= Indirect approach =

Military strategy

The Indirect approach is a military strategy described and chronicled by B. H. Liddell Hart after World War I. It was an attempt to find a solution to the problem of high casualty rates in conflict zones with high force to space ratios, such as the Western Front on which he served. The strategy calls for armies to advance along the line of least resistance.

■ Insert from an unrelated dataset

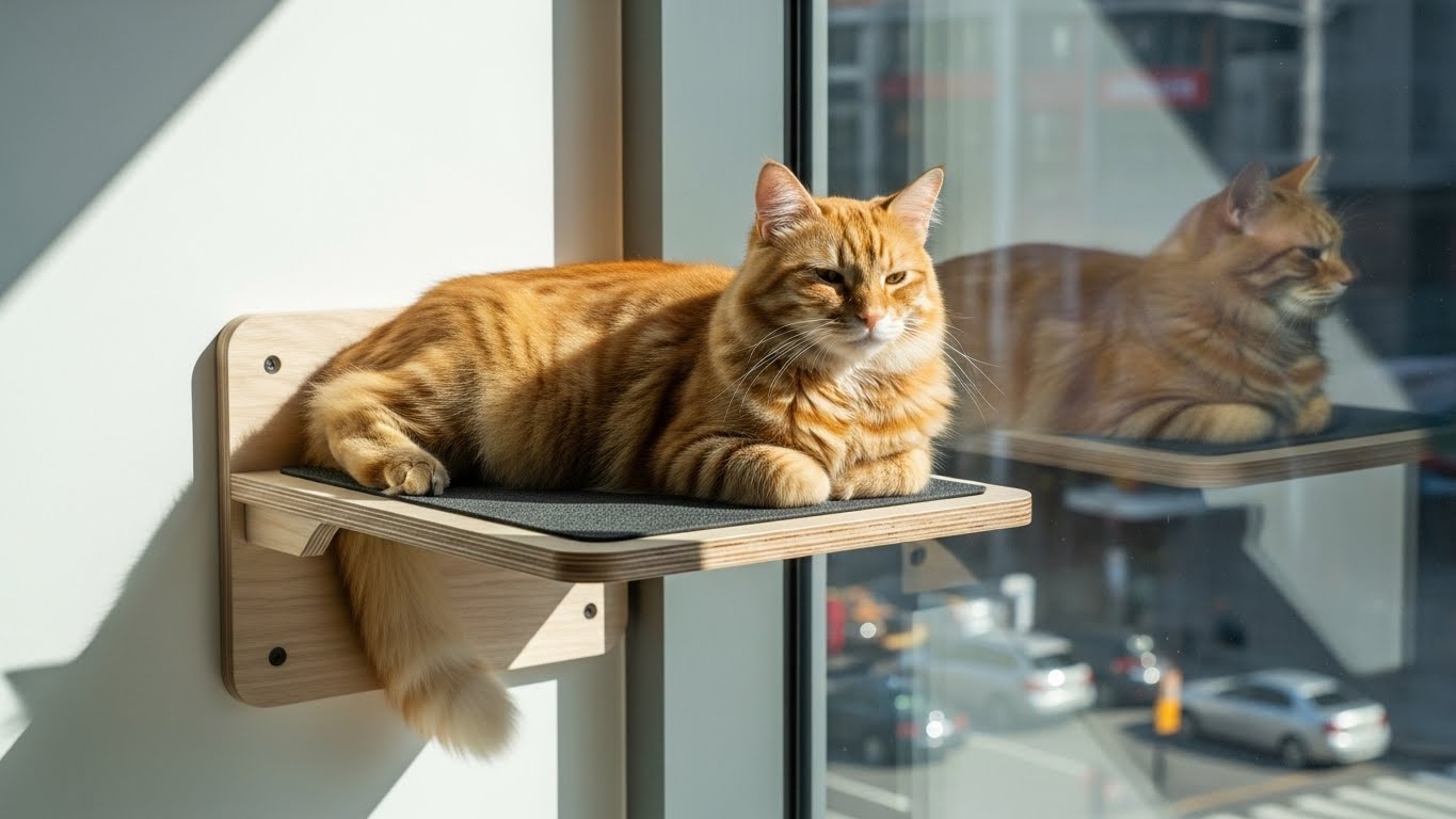Cats adore sunbathing and watching the world outside, making window perches a must-have in apartment setups. These perches can be suction-mounted or attached directly to the window sill, providing a safe vantage point for birds, cars, and passersby.

The holistic view of the "indirect approach" was first described in The Dicisive Wars of History (1929), which was the first part of the later: Strategy: The Indirect Approach. Further Liddel Hart supplemented it by a compendium flagging the British Way (1932), and added it with new cases based on the experience of the World War II in 1941, 1946, 1954, and 1967.

==Quotations==
===From Liddell Hart===
"Throughout the ages, effective results in war have rarely been attained unless the approach has had such indirectness as to ensure the opponent’s unreadiness to meet it… In strategy, the longest way round is often the shortest way home.” A direct approach to the object exhausts the attacker and hardens the resistance by compression, where as an indirect approach loosens the defender's hold by upsetting his balance".

===From Sun Tzu===
"In all fighting, the direct method may be used for joining battle, but indirect methods will be needed in order to secure victory. In battle, there are not more than two methods of attack – the direct and the indirect; yet these two in combination give rise to an endless series of maneuvers. The direct and the indirect lead on to each other in turn. It is like moving in a circle – you never come to an end. Who can exhaust the possibilities of their combination?"

==Principles==
There were two fundamental principles which governed the indirect approach.

- Direct attacks on firm defensive positions almost never work and should never be attempted.
- To defeat the enemy, one must first disrupt his equilibrium. This cannot be an effect of the main attack; it must take place before the main attack is commenced.

While Liddell Hart originally developed the theory for infantry, contact with J. F. C. Fuller helped change his theory more towards tanks. The indirect approach would become a major factor in the development of blitzkrieg. Often misunderstood, the indirect approach is not a treatise against fighting direct battles; it was still based on the Clausewitzian ideal of direct combat and the destruction of an enemy force by arms. It was in reality an attempt to create a doctrine for the remobilization of warfare after the costly attrition of the strategic stalemate of the First World War.